だから、無理な経営拡大は現当主の碓氷美奈子さんはおやりにならない。
北の勝は根室の地酒でいいというのが経営の根幹にあるようです。だから、東京のデパートから引き合いがあっても直接取引は絶対にしません。「地元の酒問屋から購入してください」と言うのみです。実際に何度か断っています。

でも、結構冒険はしていますよ。幻の酒となっている「搾りたて」や純米酒は当初は売れなかったんだそうです。
数年かかって「搾りたて」がブランド化しています。

一番北の勝らしいのは、この冷用酒や「大海」です。一番価格の安い「大海」はなぜか地元でとれる魚にとってもよく合います。地元でとれるお酒と地元で獲れる魚とのマリアージュで、うまさが10倍になります。

ところで、北海道をロシア語で標記したのは何か意味を含んでいるように見えるのですが、よろしければ、続きをご投稿ください。水の話が面白そうです。
by ebisu (2021-07-24 21:24) 

先生

返信ありがとうございます。
老いぼれが身の程を知らずに知識や経験を開けさせるほど空々しく恥ずかしいことはないので質問にのみ応えることで勘弁してください。

・ベルト地帯の話は狭義でいうとおっしゃる通り(増毛)旭川から根室です。
広義では上記を含みつつ,積丹から小樽ー札幌ー栗山ー十勝?ー釧路!?ー根室です。
北海道の酒造りは,縦ではなく横のベルト状ということです。

・次に北海道ではなくХоккайдоと表記したのは,ベルトの中でも根室の水だけ特異なのです。
分かれ目はおよそ東経145.5度。言い換えれば根室の水だけはベルトに属していない,もしくはベルトの中でも特別と考えても良いかもしれません。あの飲み口の良い逸品は水が為せる技であろうと思います。
そこで日本酒の製造に限らないと申しました。すでにウイスキー製造に着手した近隣地域がありますね。
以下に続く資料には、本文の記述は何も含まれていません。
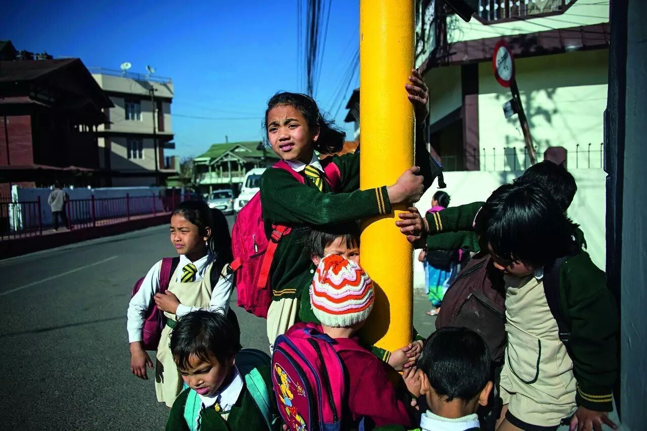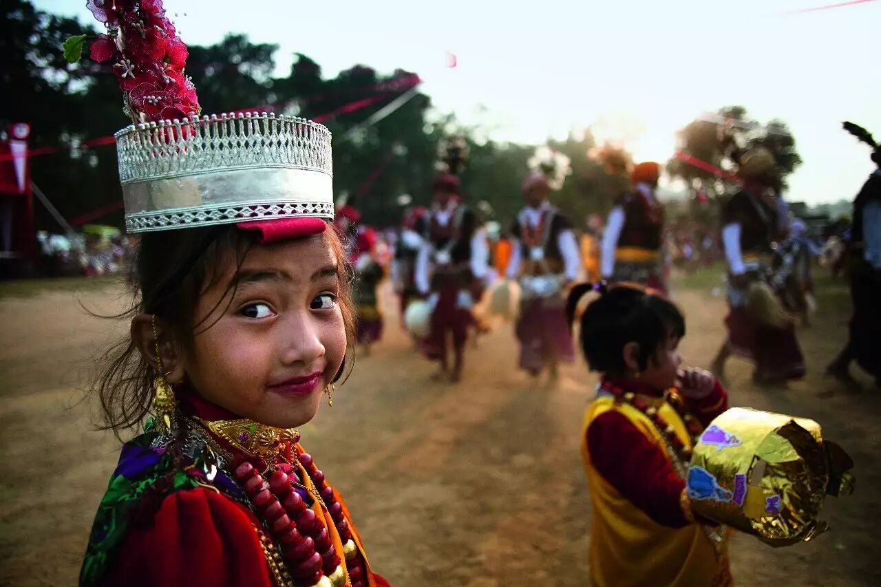 卡西族的孩子们正在庆祝部落的节日。相比女孩们的一脸自信,男孩们看上去略显一丝「苦大仇深」。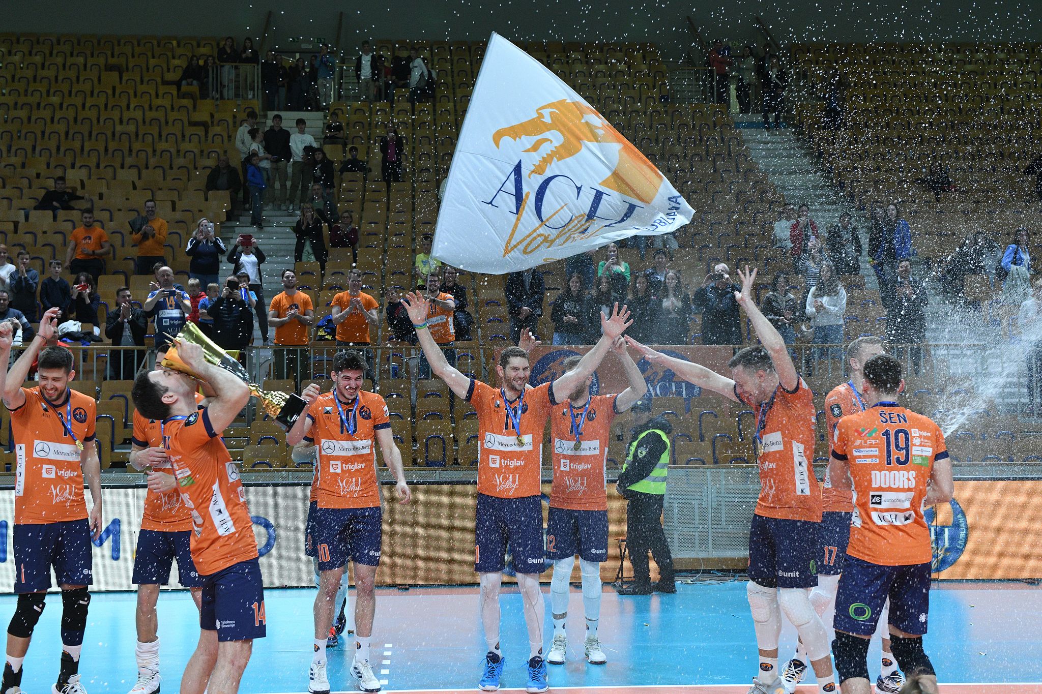 ACH Volley Ljubljana: Mejal, Šket 4, Mašulović, Todorović, Bošnjak, Koncilja 10, Šestan 14, Kovačič, Gjorgiev 12, Videčnik 9, Kök 24, Šen.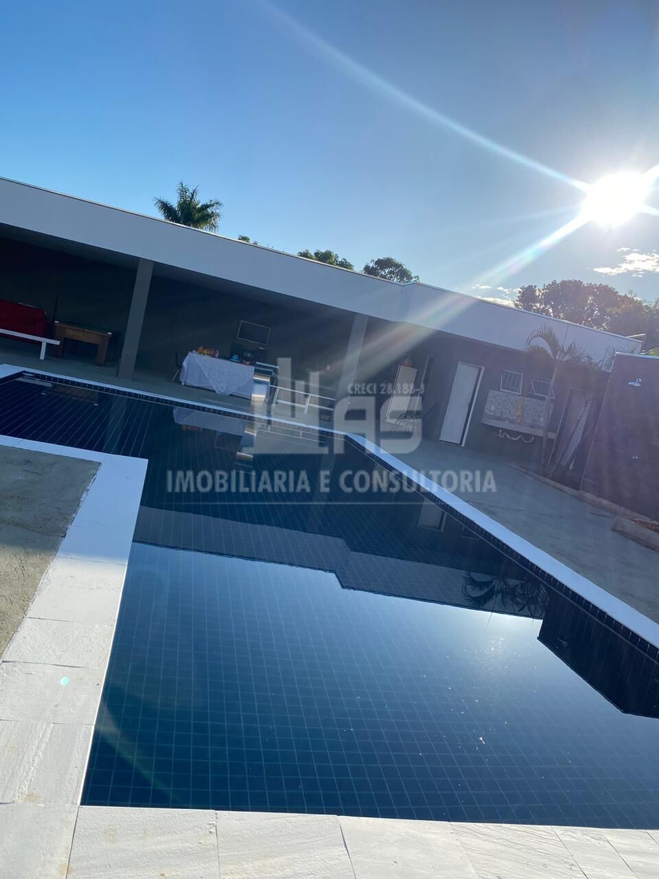 Chácara de alto padrão, possui 2 suítes, 4 banheiros, churrasqueira, quintal, piscina e sacada.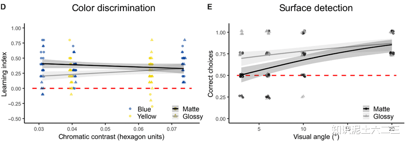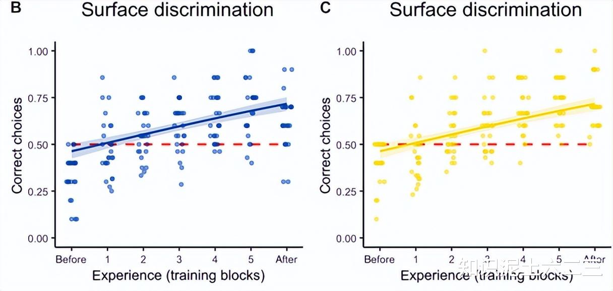 虽然有先天偏好,但蜜蜂的学习能力很强。当把蜜蜂不偏好的表面类型(亮泽或哑光)设为有蔗糖奖励的目标时,随着训练进行,蜜蜂访问奖励刺激的频率越来越高。
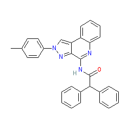 | SMILES | Cc1ccc(-n2cc3c(n2)c(NC(=O)C(c2ccccc2)c2ccccc2)nc2ccccc23)cc1 |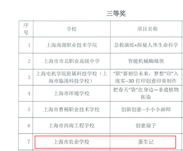 近日,从上海市学生职业体验日活动组委会获悉,我校2024年度职业体验活动中有两个项目获奖,“农田奇遇记”项目获得项目最佳设计一等奖,“蛋生记”项目获得最佳项目设计三等奖。

ただし決定的な欠点は採水の量。近江商人のこだわりと言えば格好が良いですが,そのような矜持よりももっと大きな原因「本当は作れない」という実態が我々の見解です。
>2倍
質を維持しながらそれほど生産できるなら素晴らしい。ただし将来もその水質と水量を維持できるでしょうか。
2倍作れる根拠と自信,なにより夢がお有りのようですが,あまりにも見解が違いすぎますのでこれ以上の論述は不毛です。
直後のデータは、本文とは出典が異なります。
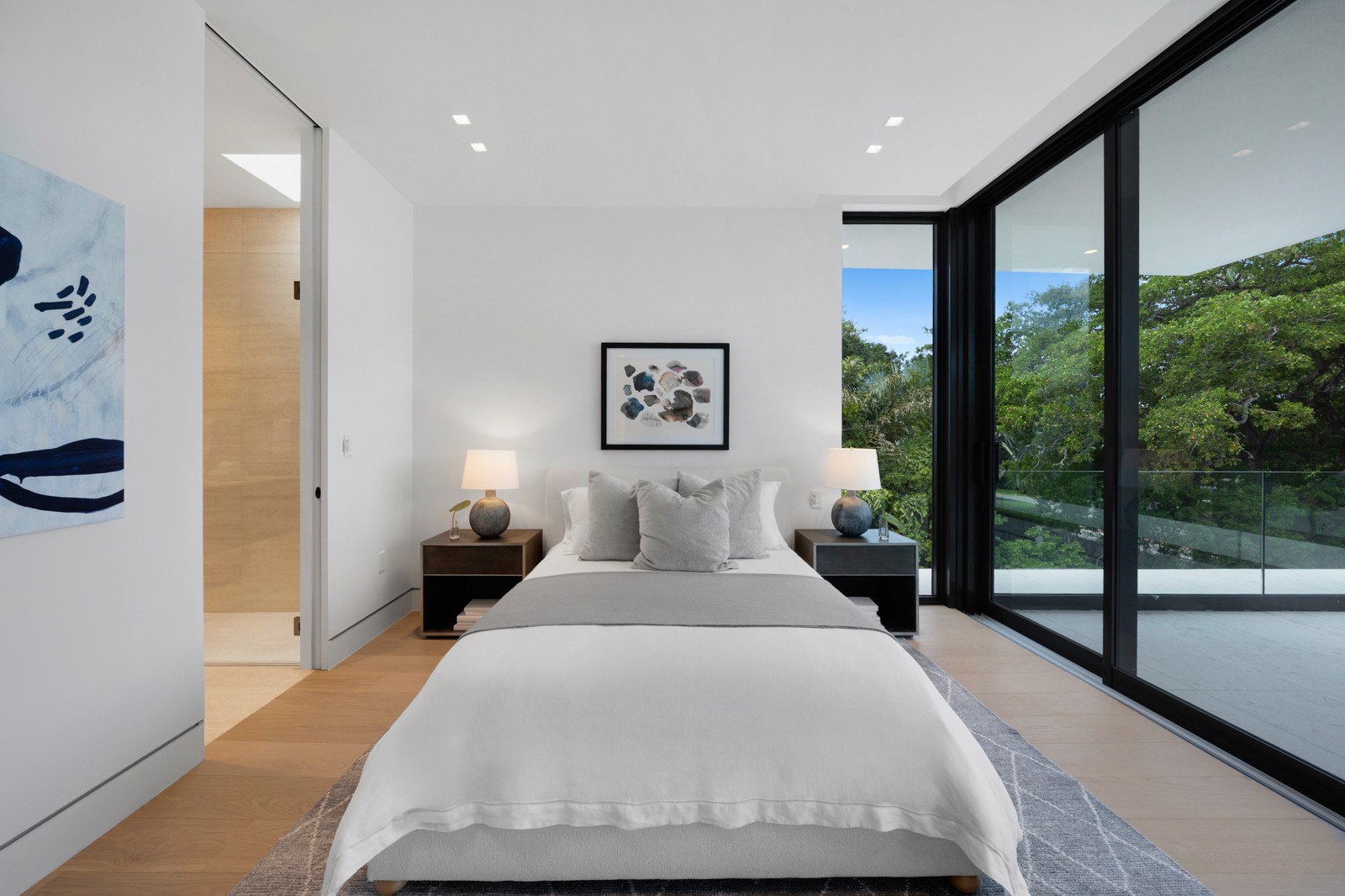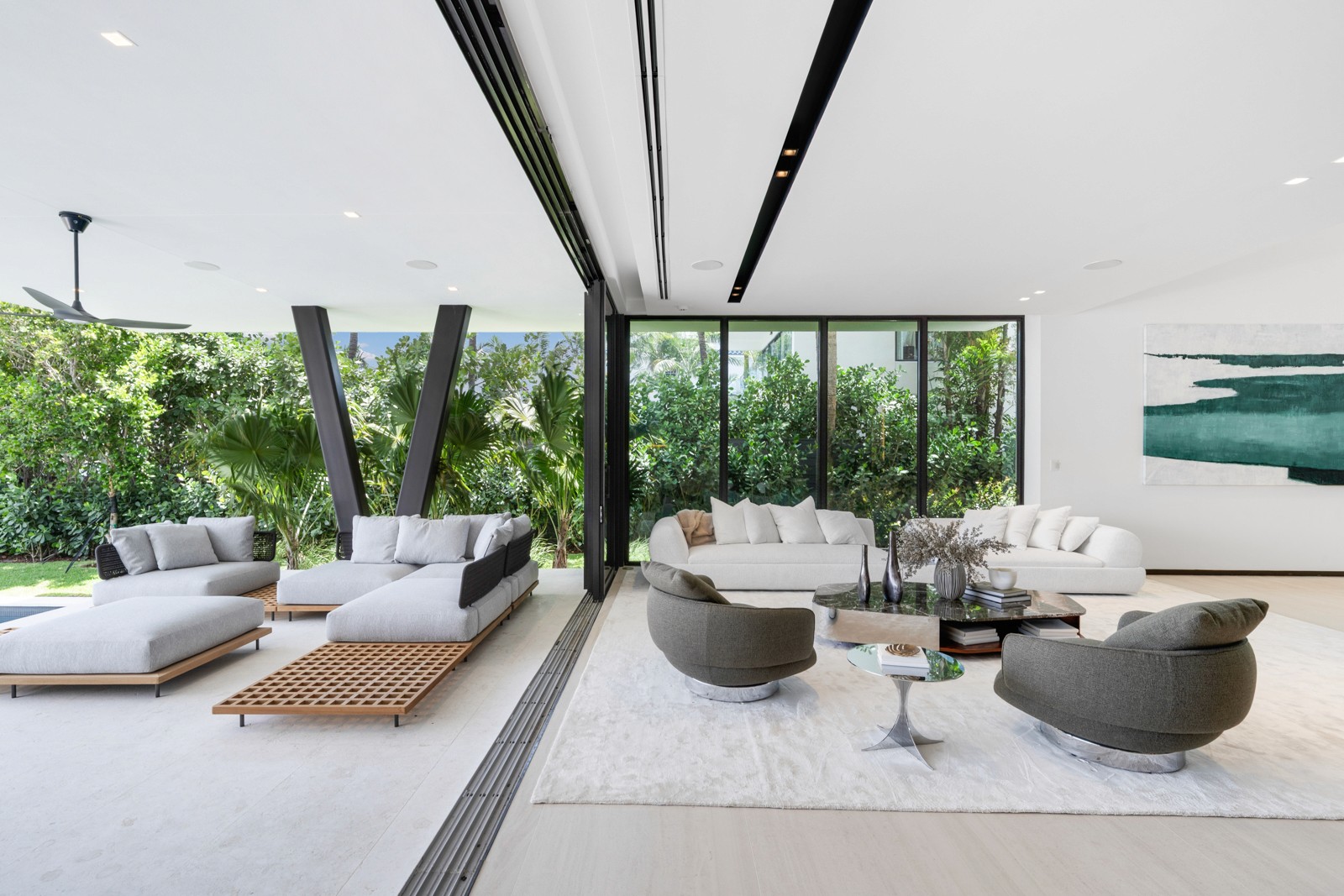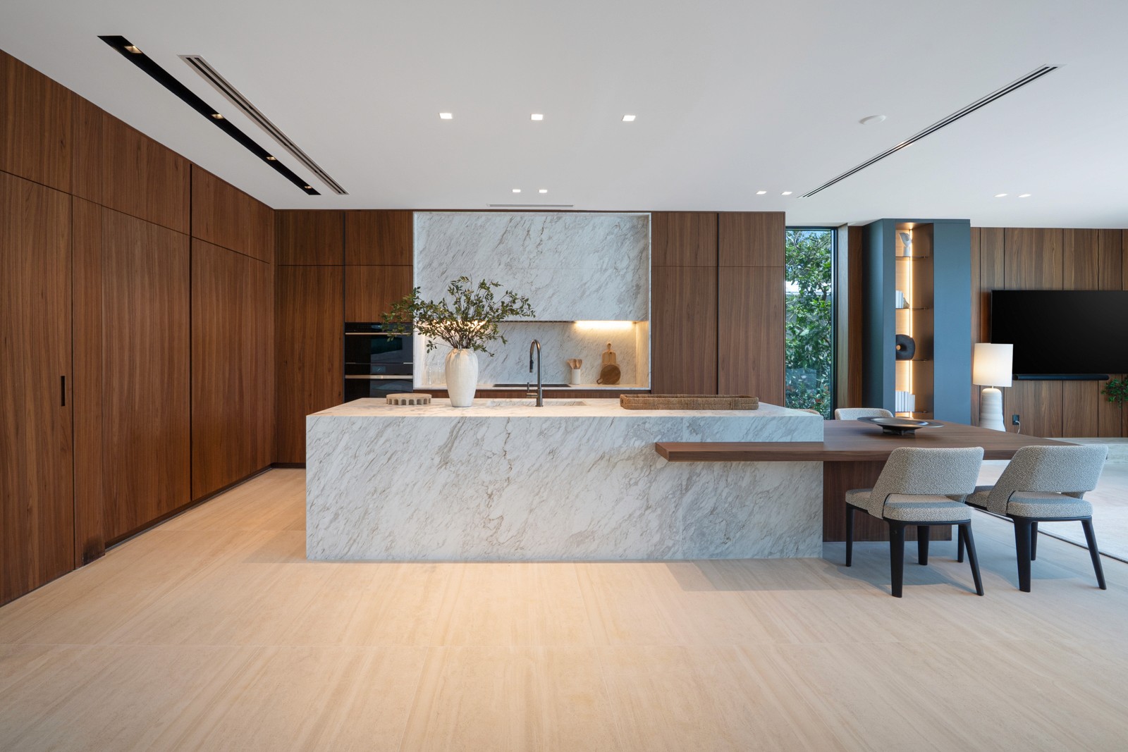 Minotti furnishings define its contemporary elegance, where sculpted architecture plays with light and shadow. Soaring ceilings, a striking floating staircase, and voluminous spaces create grandeur.

地元の会員によると,メーカーの本音は販路を都市部へシフトさせること,と聞いております。
その経営手法が根室の商工関係者から反感を買った時期があるとも聞いておりますので,このメーカーが示す「地元密着」を額面通りには受け入れられません。
ただ売上を維持できないなら利益を確保したくなるのが商道の常。悪い事とはまったく思いません。ここの蔵から出る酒は紛うこと無く日本一です。
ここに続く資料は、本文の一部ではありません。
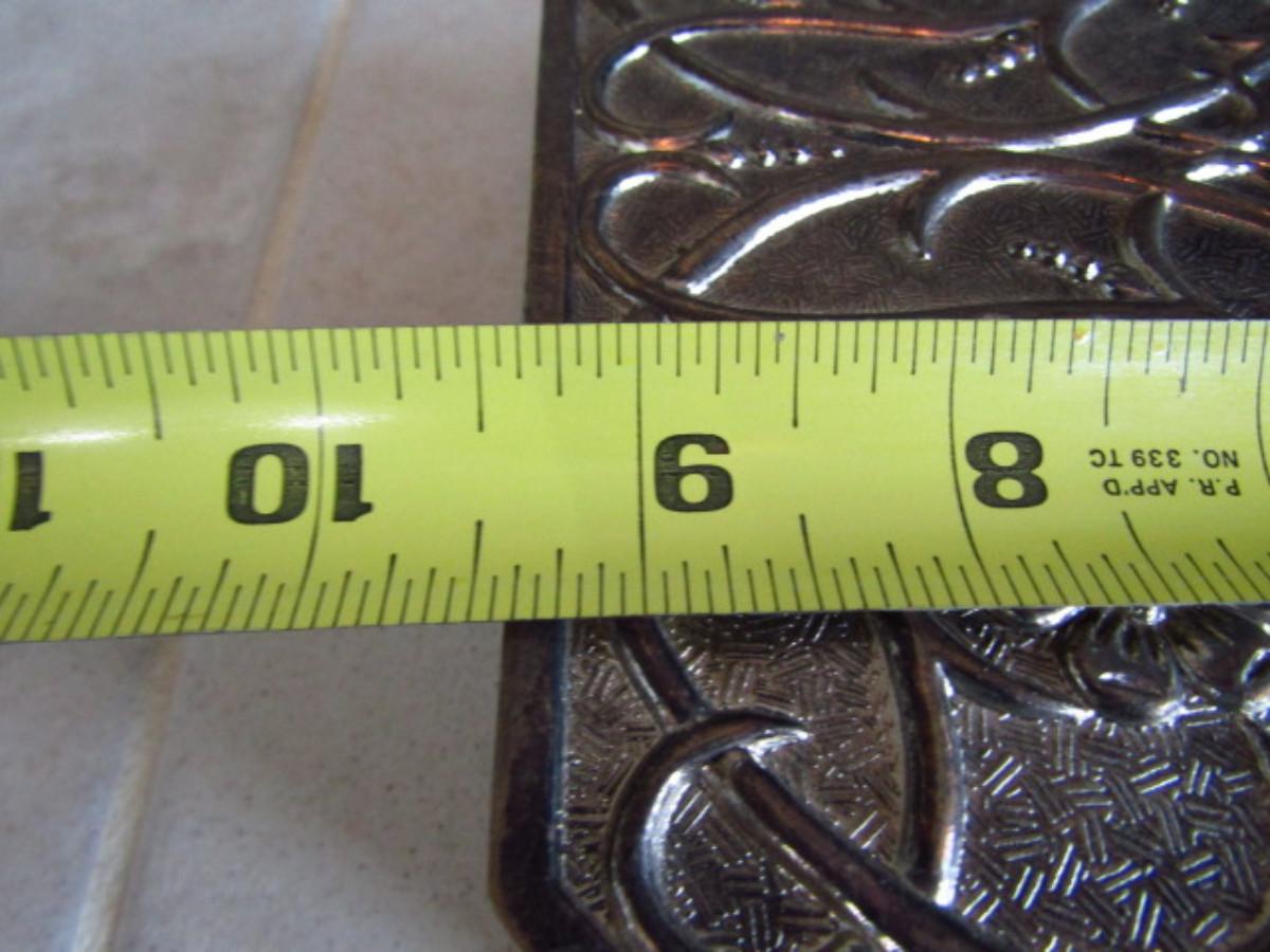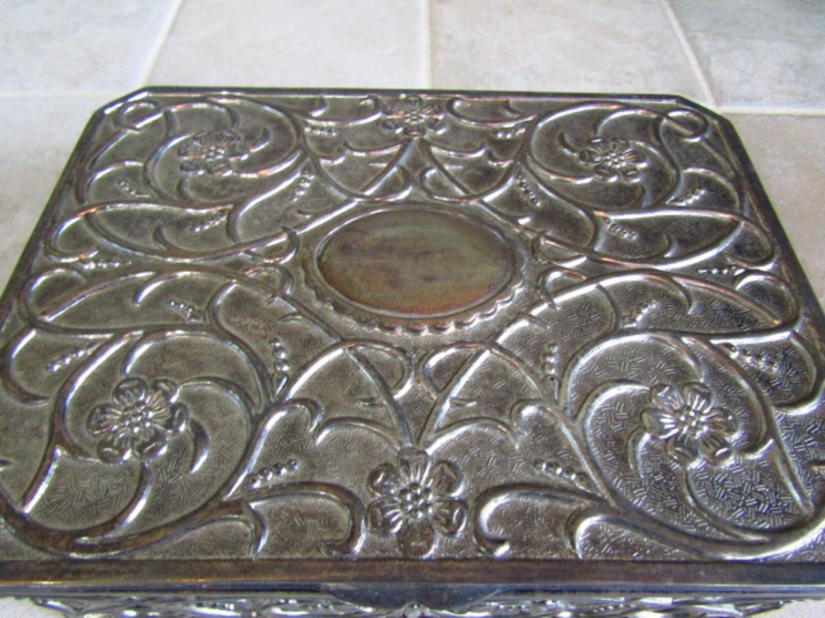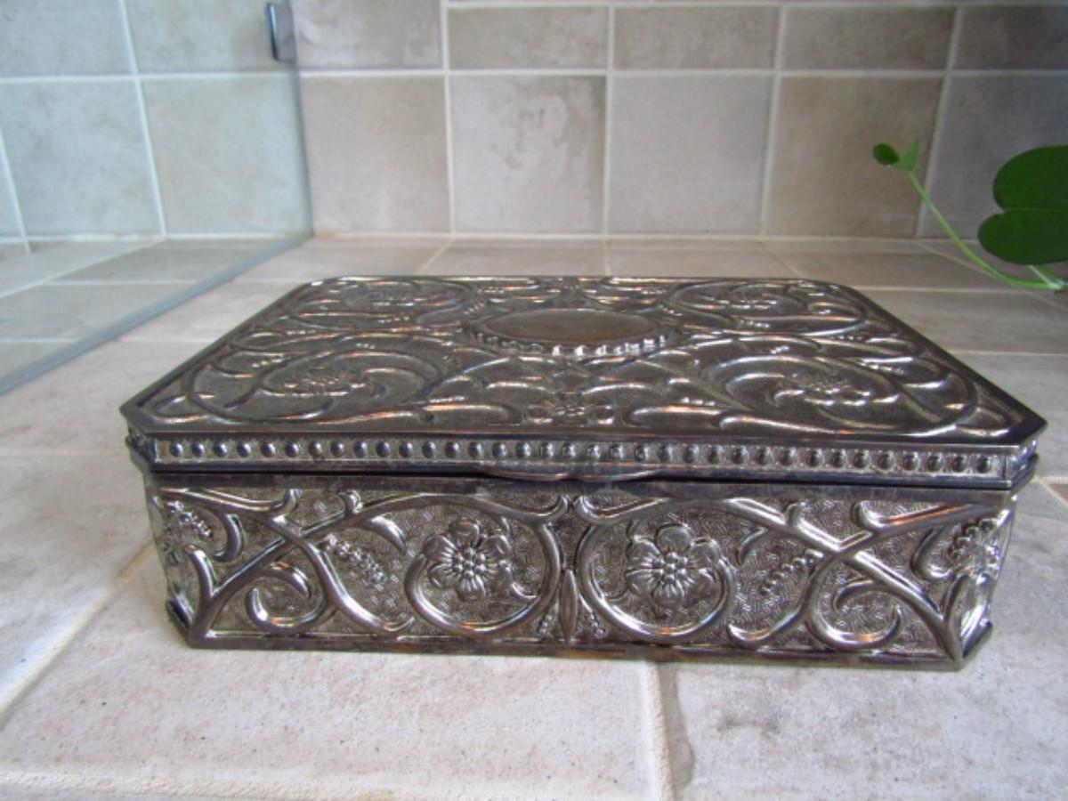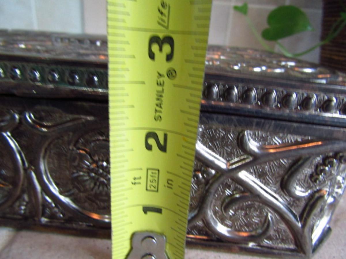 Lined Metal Jewelry Box by Godinger (MBR). Has plate on front for monogramming (unused and blank). Measures approx 9 1/2" x 7" x 2 3/4" tall.

・似ても似つかぬ味だった北の勝といろ媛ですが,Хоккайдоの水という点では同根です。
水の差異よりも製法の違いが大きかったと見ています。もちろん資本が異なる他社の商品に対して意識的に味を違えた可能性も大きいでしょう。
酒造については門外漢ですが,身内がいろ媛の杜氏だったので日本酒のテイスティングDNAは備えているつもりです。
今の北の勝は糖と酸を除いてくれたのは歓迎ですが媛の色情に負けたか?随分と甘くなった。
日本酒度が+1とあっては,かつての闘牛も大衆向けの種牛になったか。
by 先生 (2021-07-31 15:21) 

ebisu

外側から見た客観的なご意見、ありがとうございます。
ネットで検索してみたら、北海道は縦じま模様に地質がわかれていました。6本の縞模様で構成されています。その一番東側が「根室帯」ですが、根室半島だけは水質が違うとおっしゃるのは、地質が特異だということでしょうね。
色媛と北の勝の仕込み水が、水質としては同じかもしれないというご意見は、これら二つのメーカーのお酒の味があまりにも違っていたので、想像できませんでした。

日本列島の地質と構造
https://www.gsj.jp/geology/geology-japan/geology-japan/index.html

水の量の問題はおっしゃる通りでしょうね。数年間は2倍にできても、直ぐに枯渇することになるでしょう。山から伏流水があるわけではなく、碓氷さんの酒蔵のすぐ上の常磐公園の高さの平地はそんなに広くありませんから、いまの生産量に抑えざるを得ないのかもしれません。55年前に比べると、道路は細い道までアスファルトになったし、空き地で原野になっていた場所も住宅がびっしり立っているので、帯水層への雨水の浸透量は減っていて当然ですね。
色媛の水源は成央小学校のあたりですから、水量は色媛の方がずっと多かったようですね。現に、緑町3丁目の交差点の角に水道栓がありました。あの通りを挟んで両方の家が、飲み水に利用していました。酒蔵の敷地内には大きな木製の受水槽があって、いつも水が溢れていましたよ。
だから、成央小学校のあたりに井戸を掘れば、現在の北の勝の2倍以上の仕込み水が確保できますね。水質がまるっきり別だと思い込んでいたので、そんなことは考えもしませんでしたが、水質が同じだと仮定したら、北の勝は生産量を2倍にできます。生産量を2倍にしたら、現在の販路は考え直さなければなりませんね。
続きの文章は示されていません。